Current Role: Stealing the show as Arielle, the sexually adventurous talent booker for Brooklyn Bowl, in off-Broadway’s F#%king Up Everything.
Part of Her World: When Lisa Birnbaum steps on stage at the Elektra Theatre, the new rock musical F#%king Up Everything becomes a little more electric. Her character is a free spirit who is just as likely to have a three-way with BFFs as she is to help a stranger fulfill a dream. “At the center of Arielle is this profound love of life,” the Yale School of Drama graduate says. “All you've got to do is get on the L train to Brooklyn and you’re going to see every version of every character in our play, tenfold. I saw the real Arielle in Williamsburg wearing shiny white pants and a mint green top, with enormous hair.
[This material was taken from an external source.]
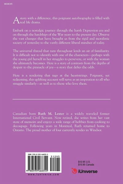 A story with a difference, this poignant autobiography is filled with real life drama. Embark on a nostalgic journey through the harsh Depression era and on through the hardships of the War years to the present day. Observe the vast changes that have brought us from the rigid and moralistic society of yesterday to the vastly different liberal mindset of today. The universal thread that runs throughout lends an air of familiarity. It is difficult not to identify with one of the characters-perhaps with the young girl herself in her struggles to persevere, or with the woman she ultimately becomes. Here is a story of contrasts from the depths of despair to the pinnacle of joy-a story that defies the odds. Here is a rendering that tugs at the heartstrings. Poignant, yet redeeming, this uplifting account will serve as an inspiration to all who struggle similarly-as well as to those who love them.

She was the life of the party, and I was like, ‘Holy shit, that’s her.'” Birnbaum's character maintains an outrageous bucket list, and Birnbaum has a more modest one, combining typical milestones (Broadway, TV, Tony Award) and one special dream: “I want to take my family out to dinner, a huge group, and pay for it myself. I think that would be really fulfilling. I know it sounds like a small thing, but we’re all starving artists out here.”
Sing Out, Lisa! The daughter of “uber intellectuals,” Birnbaum never planned on becoming an actress. “I thought I’d be an environmental scientist like my mother,” she says, but her goal changed during a summer program in London. “I thought I was just going on vacation, and lo and behold, I found myself while I was there,” she says with a laugh. The program included a 30-minute training session with the musical director of Les Miserables, which Birnbaum recalls as “this magical Disneyland experience. He pushed me in a way I’ve never felt before, and I sang bigger and better than I ever had. When I finished, he looked at me and said, ‘Hmm, you know you have to stick with this.’ I was speechless.” Birnbaum remembers running out of the building and into a phone booth. “I called my mother and was like, ‘Mom I think I’m an actress!’ And she was like, ‘Oh yeah, I know.’ She didn’t even bat an eyelash.”
Full Circle: When she’s not performing or working a day job at a computer company, Birnbaum enjoys writing poetry and traveling. “I just think, in some regards, travel is a better education than you can ever get in a classroom,” she says. “You learn about the world we live in, and it’s thrilling to be able to get out of your comfort zone and have that anonymous feeling when you’re abroad.” Birnbaum has backpacked across Europe, lived in Israel for a year and made several trips to Latin and Central America. “Coming full circle, maybe that’s what I have in common with Arielle,” she muses. “She’s been around the world, of her own volition, just soaking up humanity and different cultures, religions, ethnicities and foods and seeing the strains of love no matter where you go. Maybe I am a little more like Arielle than I give myself credit for!”